Generation Family PKG PP0 Notes
Zen 1 (Ryzen 1000) 17h No RAPL support
Zen+ (Ryzen 2000) 17h
Zen 2 (Ryzen 3000) 17h RAPL via MSR 0x611/0x639
Zen 3 (Ryzen 5000) 19h
Zen 4 (Ryzen 7000) 19h
Zen 5 (Ryzen 9000) 1Ah

AMD uses MSR_AMD_RAPL_POWER_UNIT (0xC0010299) for unit conversion instead of Intel's MSR_RAPL_POWER_UNIT (0x606). Energy counter MSR addresses are the same as Intel.

⚠️ Critical AMD vs Intel difference: AMD reports core energy per-core (MSR 0xC001029A), while Intel reports PP0 as all-cores aggregate (MSR 0x639). This means AMD core energy must be summed across all cores to get equivalent PP0 data, while Intel returns the total directly. The amd_energy driver on Linux runs a kernel thread every 100 seconds to accumulate per-core counters into 64-bit software counters to handle 32-bit wrap-around.

3.3 QEMU / Virtualized

  • QEMU: RAPL MSRs typically unimplemented → #GP(0) → graceful "n/a"
  • KVM with -overcommit cpu-pm=on: may expose RAPL to guest (rare)
  • VMware/Hyper-V: no RAPL passthrough known

Detection strategy: Try reading MSR 0x611 from CPU 0. If it returns an error (#GP fault), RAPL is unavailable. Cache this result so subsequent reads skip the MSR access entirely.

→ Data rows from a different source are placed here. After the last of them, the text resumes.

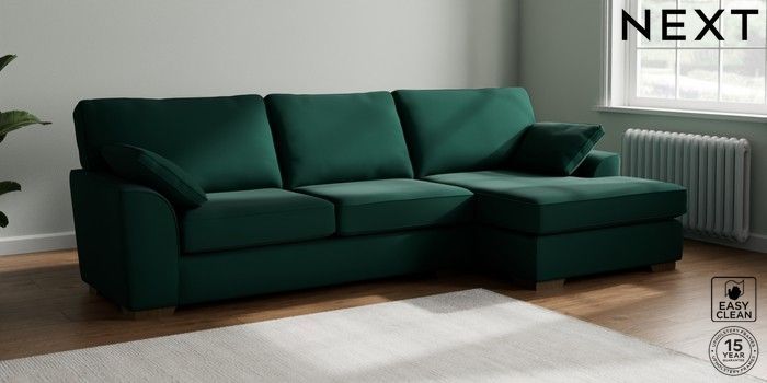 7.2.6 Buy Stamford Large Sofa Chaise - Right Hand Plush Velvet Easy Clean Bottle Green Large Square Angle - Mid from the Laura Ashley online shop Click here to use our website with more accessibility support, for example screen readers
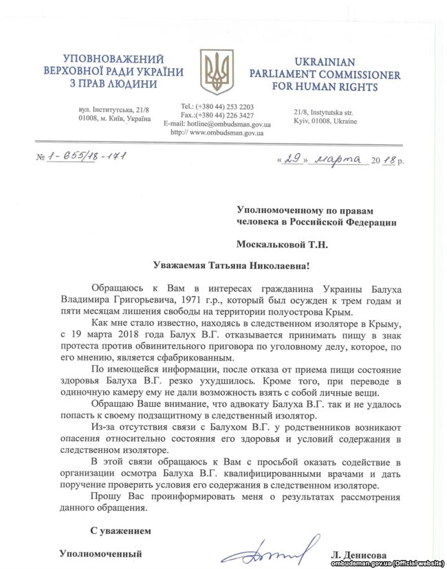 «Звертаюся до Вас в інтересах громадянина України Балуха Володимира Григоровича, 1971 р.н. … Як мені стало відомо, Володимир Балух, який знаходиться в слідчому ізоляторі в Криму, з 19 березня 2018 року відмовляється від їжі на знак протесту проти обвинувального вироку по кримінальній справі , яке, на його думку, є сфабрикованою. До нас надійшла інформація, що після відмови від їжі стан здоров’я Балуха різко погіршився. Крім того, після його перекладу в одиночну камеру йому не дозволили взяти з собою особисті речі», – йдеться в тексті звернення Денисової.
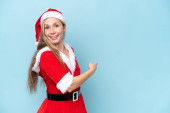 młoda kaukaska kobieta przebrany za mama noel izolowane na niebieskim tle dumny i zadowolony z siebie
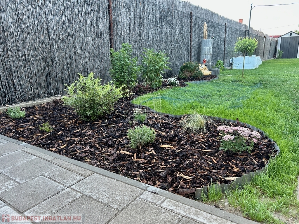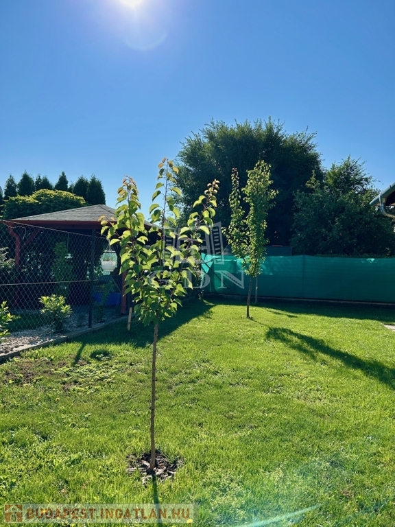 Saját telekrésze 445 m² amely szépen parkosított, 3 db. kocsibeállási lehetőséggel, a kertben található egy kisház is amely kb. 5 m²-es.
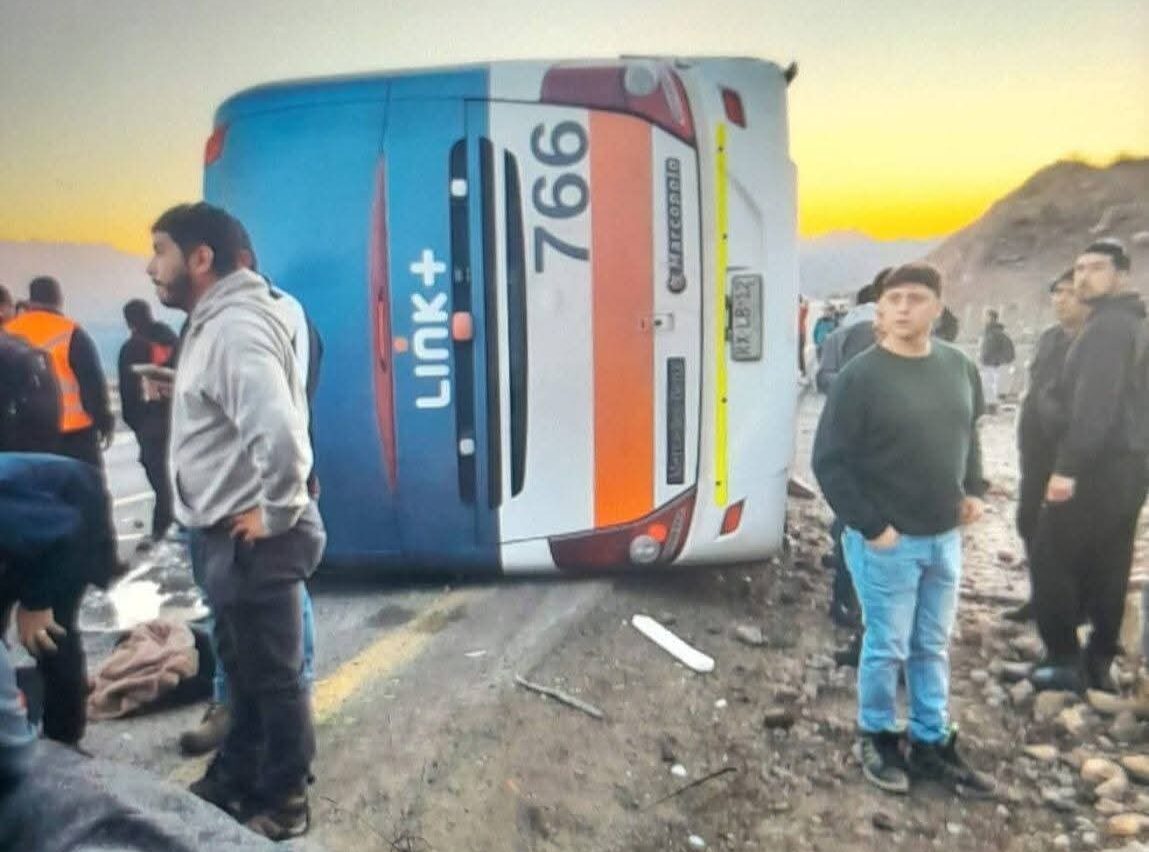 Codelco informó oficialmente que a las 19:35 horas de este sabado un bus de la empresa Link, que trasladaba a 48 trabajadores, volcó en el kilómetro 41 de la Carretera El Cobre, en el área industrial de la División El Teniente.
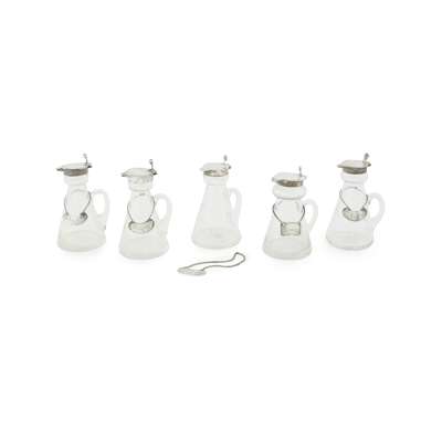 Hukin & Heath Ltd, Birmingham various dates of typical form, with star cut base, plain flat hinged cover and thumb-piece; all with various spirit labels inscribed WHISKY; together with two similar, London (5)
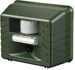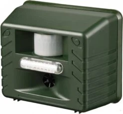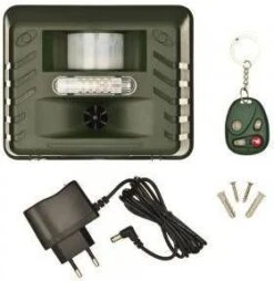 Het ultrasone dierenafweermiddel van Nature is geschikt voor het op een humane en onschadelijke manier afschrikken van dieren die op uw terrein komen. Het apparaat kan een combinatie gebruiken van 3 verschillende eigenschappen om indringers te verjagen: ultrasoon geluid, knipperlichten en een hoorbaar alarm. Het apparaat is effectief tegen katten, honden, vossen, (steen)marters, reigers, duiven, ratten, muizen en andere dieren die worden opgemerkt door de sensor. Het ultrasone geluid is verstelbaar voor 1 of meerdere diersoorten, afhankelijk van het gewenste werkgebied. Het volume van het audioalarm is ook instelbaar. Dit model werkt op 4 1,5 V C-batterijen, deze worden niet meegeleverd. Er wordt wel een afstandsbediening meegeleverd.
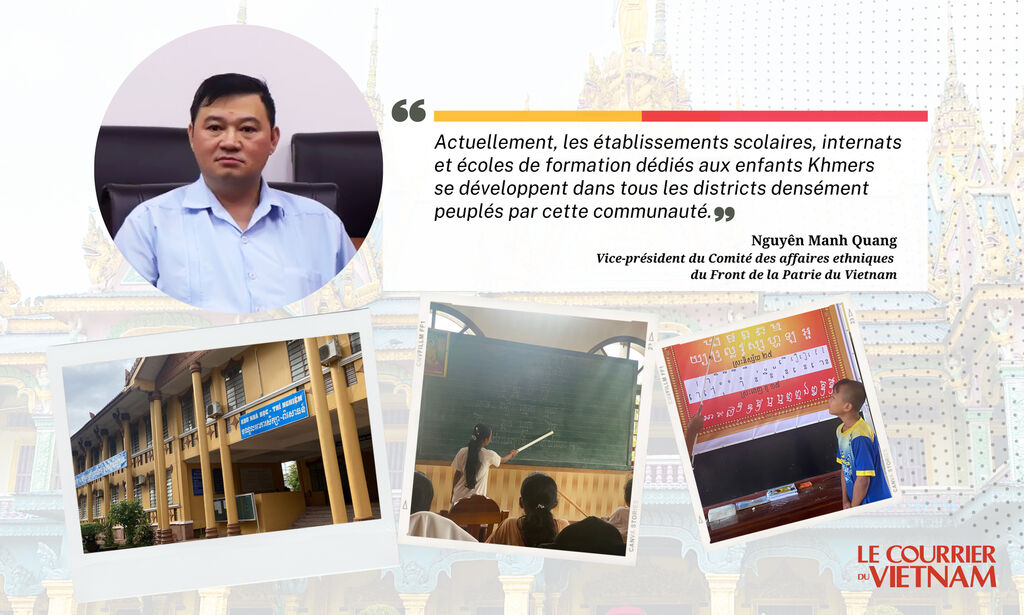 Selon Nguyên Manh Quang, chef adjoint du Comité des affaires ethniques du Comité central du Front de la Patrie du Vietnam, des politiques et régimes spécifiques ont été mis en place par le Parti et l’État en matière de santé, d’éducation, d’accès à l’eau potable, à l’électricité, à la formation professionnelle, à l’information et aux connaissances juridiques. Actuellement, des établissements scolaires, des internats et des écoles de formation dédiés aux enfants Khmers se développent dans tous les districts densément peuplés par cette communauté. En plus de l’exemption des frais de scolarité et de l’octroi d’une assurance santé, les élèves Khmers bénéficient d’une aide financière pour les repas, les fournitures scolaires et les uniformes.
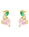 Kolczyki złote ozdobne różowe wisienki SREBRO 925
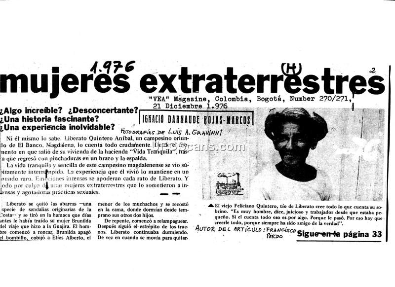 A 1976 magazine article reports on the claims of a Colombian farmer, Liberato Quintero Aníbal, who alleges an abduction and sexual encounter with extraterrestrial beings. A local doctor confirms the presence of physical marks on the farmer's arm but remains neutral regarding the origin of the event.
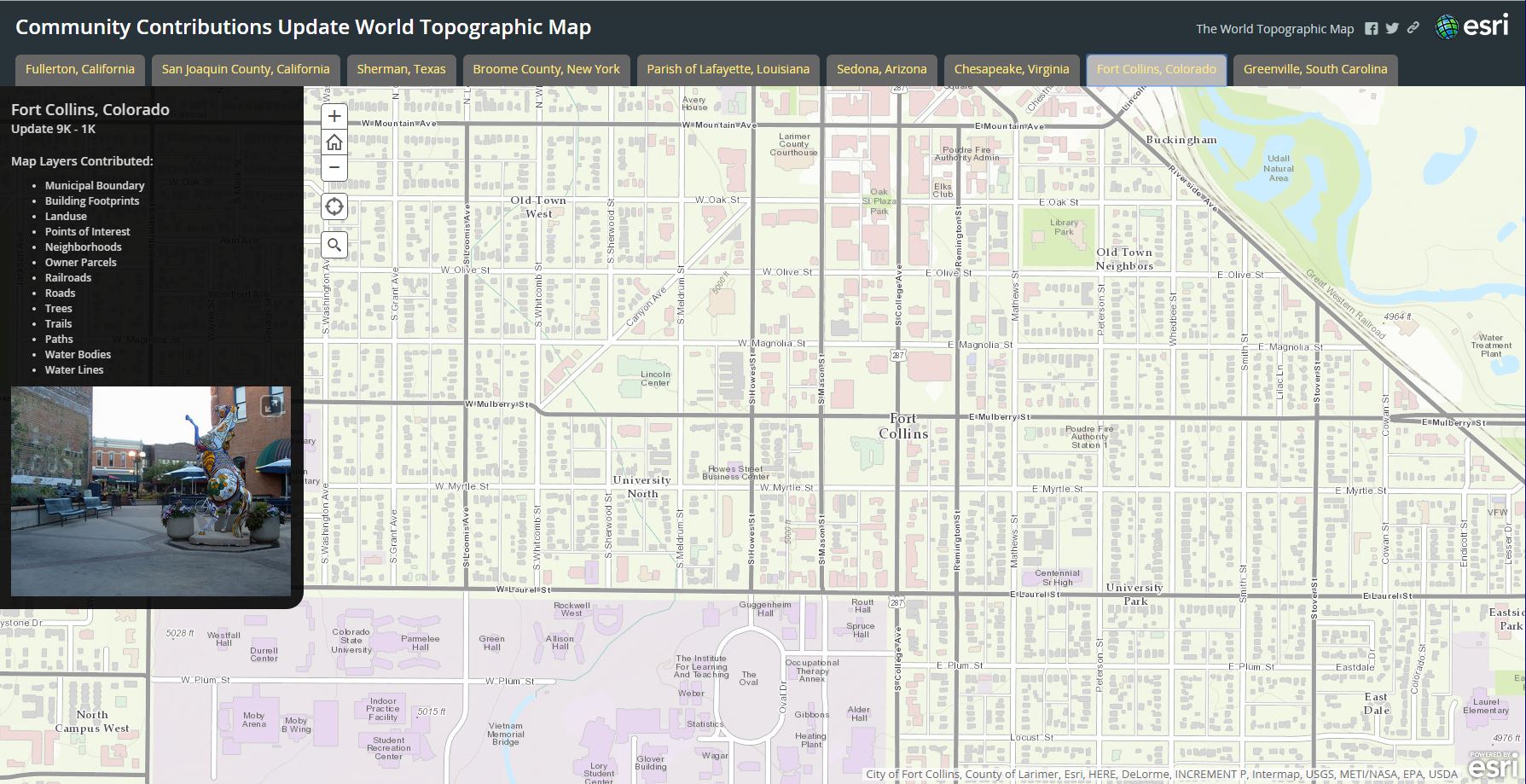 The most recent World Topographic Map release includes new Community Map contributions for cities and counties across the United States. These contributions help enhance content in the Living Atlas of the World and add value and usability to Esri’s online basemaps. Through the Community Maps Program, Esri continues to incorporate useful large-scale features as these examples will show. See information below about becoming part of this community.
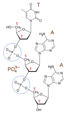 Phosphodiesterbindungen bilden den Zusammenhalt im Rückgrat von DNA und RNA. Die Nukleotide, aus denen diese aufgebaut sind, tragen dabei zunächst nur am Kohlenstoffatom C5 der zugrunde liegenden Pentose einen Phosphorsäurerest, der chemisch betrachtet einen Ester der Phosphorsäure mit der alkoholischen OH-Gruppe an diesem C-Atom darstellt. Bei der Kettenverlängerung im Zuge der Transkription der RNA bzw. der Replikation der DNA wird ausgehend vom vorhandenen Phosphorsäurerest eine zweite Esterbindung mit der OH-Gruppe am Kohlenstoffatom C3 von Ribose bzw. Desoxyribose geschlossen, wodurch die 3′-5′-Phosphodiesterbindung entsteht.
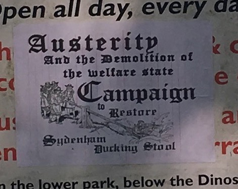 An unsanctioned posting interrupts the official sign that informs visitors about the Park Cafe’s operation hours and offerings. Black gothic font on plain white paper states, ‘Austerity and the Demolition of the Welfare State Campaign to Restore Sydenham Ducking Stool’. A line drawing depicts men lowering a woman into water upon said ducking stool, an absurd and heavily gendered punishment that was used for centuries to censure individuals in public settings, though the practice fell out of use by the early nineteenth century, well before the debut of the geological islands in the Crystal Palace Park (Underdown, 1985). The flier offers no other details, but the absurdity of its platform signals that it must be satire. Like the theft of cement teeth in the 1850s, the practice of postering is a material way through which the public asserts a relationship with the Crystal Palace models and the park that hosts them. Moreover, the critique of national policy that this particular poster puts forward resonates with the easily undone progress narrative that Victorian visitors to the Crystal Palace would have experienced as they took in, simultaneously, the wonders of former empires along with the message that these empires, no matter how grand, ultimately fell (Piggott, 2004: 75).
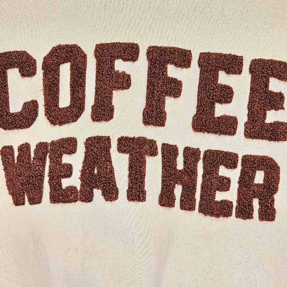 Fun “Coffee Weather” chenille applique with varsity-inspired texture
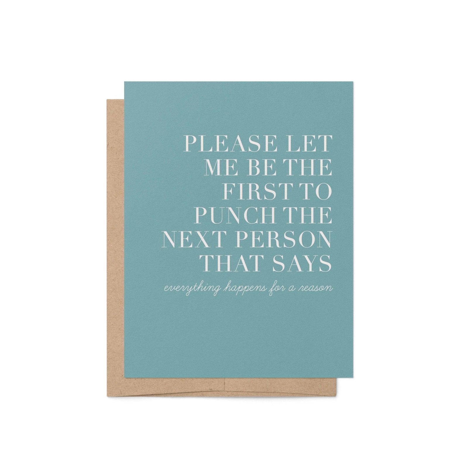 Card reads “Please let me be the first to punch the next person that says everything happens for a reason”
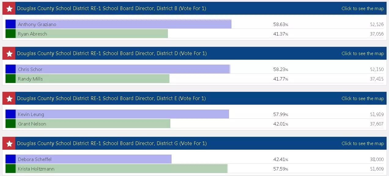 Other major school-board face-offs took place in Douglas County and Jefferson County. Voters in DougCo cast their lot with four candidates – Anthony Graziano, Chris Schor, Kevin Leung and Krista Holtzmann – who oppose the voucher system pushed by previous electees. Their wins will almost certainly lead to a huge shift in position for the board as a whole.
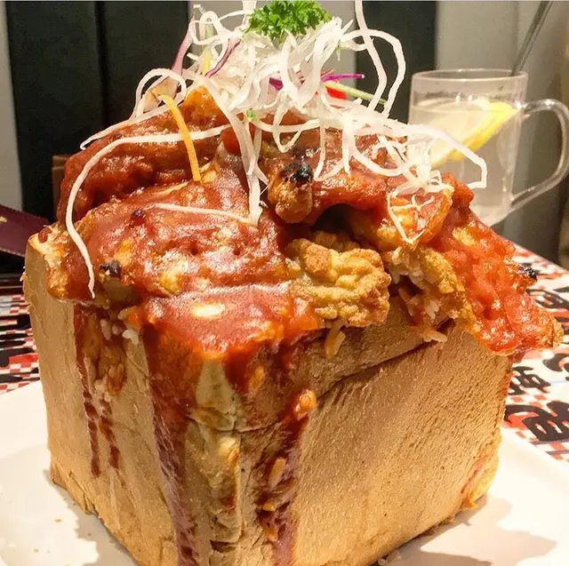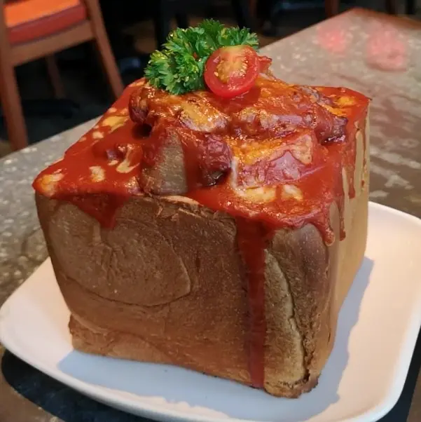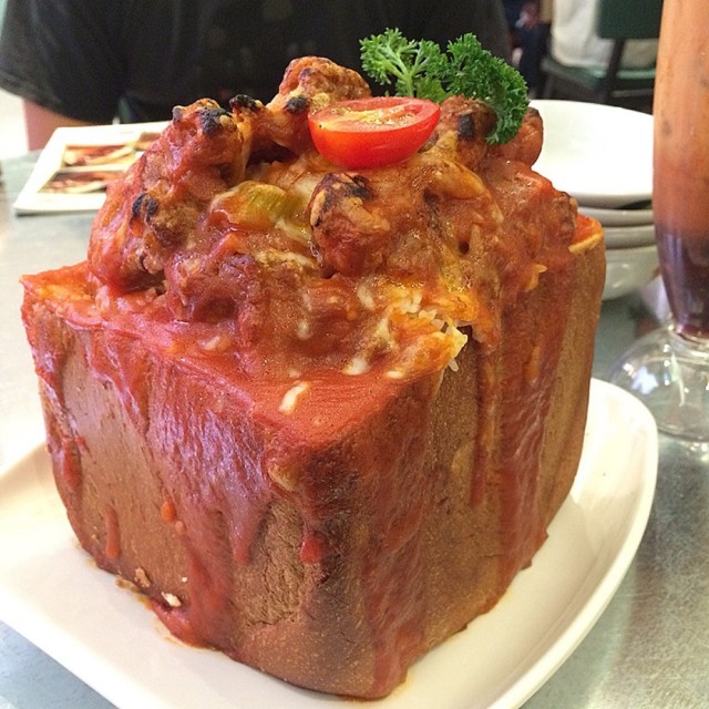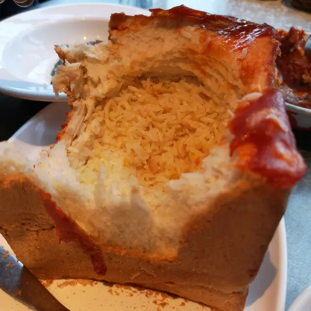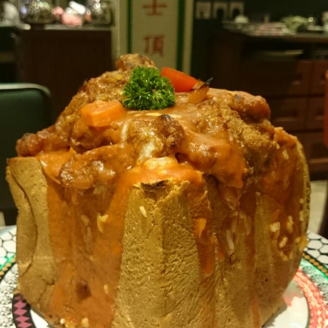 以未切成方包及未去皮的方包磚,盛載豬扒及焗飯!
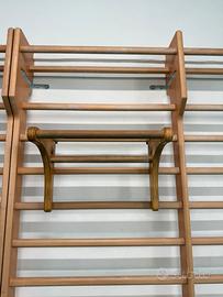 L’attrezzo può essere facilmente fissato su diverse strutture — come spalliere, pareti attrezzate o telai stabili — offrendo un’ampia gamma di esercizi per il rinforzo della parte superiore del corpo e la mobilità.
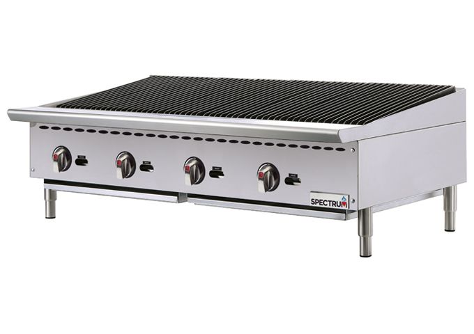 Achieve perfect grill marks and mouthwatering chargrilled flavors with the Winco NGCB-48R 48-Inch Wide Spectrum Gas Charbroiler. Designed for high-volume cooking in burger joints, restaurants, and cafeterias, this robust gas charbroiler delivers powerful performance and is built for durability and convenience.
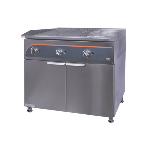 گریل مبله 120 سانتی متری (روغنی،زغالی،ترکیبی) مدل KMC یکی از باکیفیت ترین محصولات شرکت KMC می باشد . این دستگاه در سایز های 120،90،60 قابل سفارش می باشد . که سایز 120 ان بزرگ ترین است و همچنین این دستگاه در ابعاد دلخواه قابل تولید می باشد . گریل مبله یک دستگاه بسیار کاربردی می باشد و جنس بدنه این گریل بسیار مقاوم می باشد که جنس ان تمام استیل است . حرارت این گریل قابل تنظیم می باشد و این دستگاه دارای ولوم های نسوز با کیفیت می باشد .  در قسمت صاف این گریل چدن های رویه از بهترین نوع و با ضخامت بسیار مناسب می باشد . طراحی این گریل مبله بسیار کاربردی است زیرا در قسمت پایینی این گریل یک کابینت جهت جایگذاری وسایل اشپزی و همچنین یک یخچال بسیار کوچک جهت نگهداری مواد غذایی تعبیه شده است .
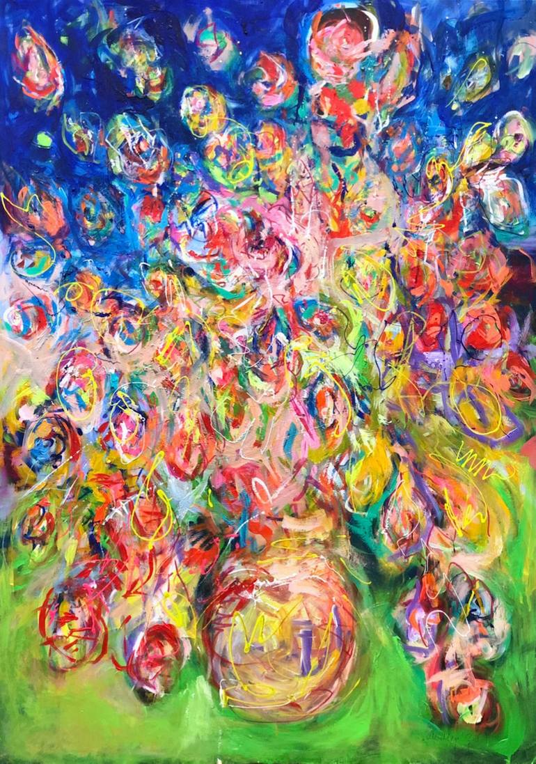 In this vibrant masterpiece, the canvas comes alive with a kaleidoscope of colors and shapes, reminiscent of a bustling garden in full bloom. Each brushstroke seems to dance with the exuberance of spring, as if capturing the very essence of nature's jubilant symphony. At the heart of the compositio...
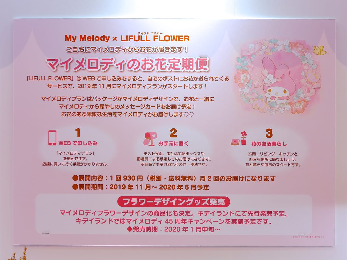 LIFULL FLOWERより2019年11月から配送が開始される「マイメロディお花の定期便」の紹介でした☆
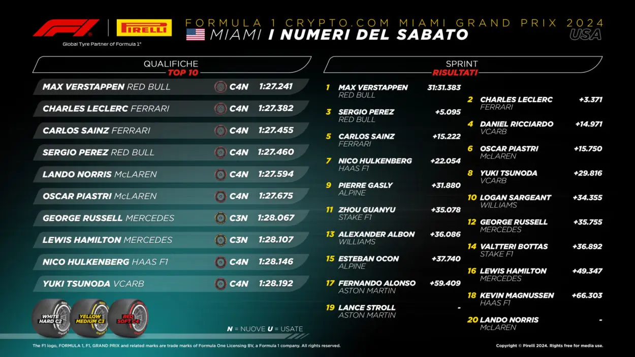 La Carrera Sprint vio, como era de esperar, el Medio como protagonista absoluto de las elecciones de pilotos y equipos. De hecho, dieciocho pilotos completaron las 19 vueltas previstas con el compuesto central de los tres traídos a Miami por Pirelli: las únicas excepciones fueron Tsunoda y Sargeant, que optaron por el blando. A pesar de las altas temperaturas – incluso hoy superaron los 55° C – el rendimiento del C4 fue más que decente, hasta el punto de que tanto los pilotos de Racing Bulls como los de Williams ganaron varias posiciones, logrando los japoneses también hacerse con el octavo y último puesto. disponible en los puntos.
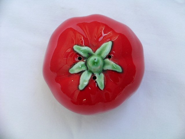 Zabawna solniczka z masy porcelanowej. Szlachetnie wykonana, ręcznie malowana, na błyszcząco szkliwiona. Apetyczna tak, że aż świeci - w oszałamiającej czerwieni :) Od spodu plastikowa zatyczka. 6,5 x 6,5 cm. Stan zachowania bardzo dobry.

4. File Layout & Implementation Order

New files to create:

local/recipes/drivers/redox-driver-sys/source/src/rapl.rs     ← RAPL MSR constants + read primitives
local/recipes/system/rapld/                                    ← New RAPL daemon
local/recipes/system/rapld/recipe.toml                        ← Cargo template, depends: redox-driver-sys
local/recipes/system/rapld/source/Cargo.toml                  
local/recipes/system/rapld/source/src/main.rs                 ← Daemon: poll MSRs, serve scheme
local/recipes/system/rapld/source/src/units.rs                ← Unit conversion (power/energy/time)
local/recipes/system/rapld/source/src/domains.rs              ← Domain detection + power computation
local/recipes/system/rapld/source/src/scheme.rs               ← Scheme:power handler
local/docs/RAPL-IMPLEMENTATION-PLAN.md                        ← This document

local/recipes/system/redbear-power/source/src/rapl.rs         ← RAPL integration for redbear-power

Files to modify:

local/recipes/system/redbear-power/source/src/acpi.rs         ← Replace read_rapl_package_energy()
local/recipes/system/redbear-power/source/src/app.rs          ← Add rapl_domains, pkg_power_w from scheme
local/recipes/system/redbear-power/source/src/render.rs       ← Add CoreW/DRAM columns, power history
local/recipes/system/redbear-power/source/src/main.rs         ← Wire keybindings for power view
config/redbear-full.toml                                       ← Add rapld to [packages]
config/redbear-mini.toml                                       ← Optionally add rapld

Implementation order:

  1. Week 1-2: rapl.rs in redox-driver-sys — MSR constants, read/write primitives, unit parsing
  2. Week 3-4: rapld daemon — scheme server, domain detection, energy polling
  3. Week 5-6: redbear-power integration — scheme reader, per-domain columns, power history
  4. Week 7-8: Power limiting + thermald integration (Phase 2)
  5. Week 9-12: Testing on real hardware (Intel + AMD), QEMU graceful degradation, polish

5. Testing Strategy

5.1 Unit Tests (host, no hardware needed)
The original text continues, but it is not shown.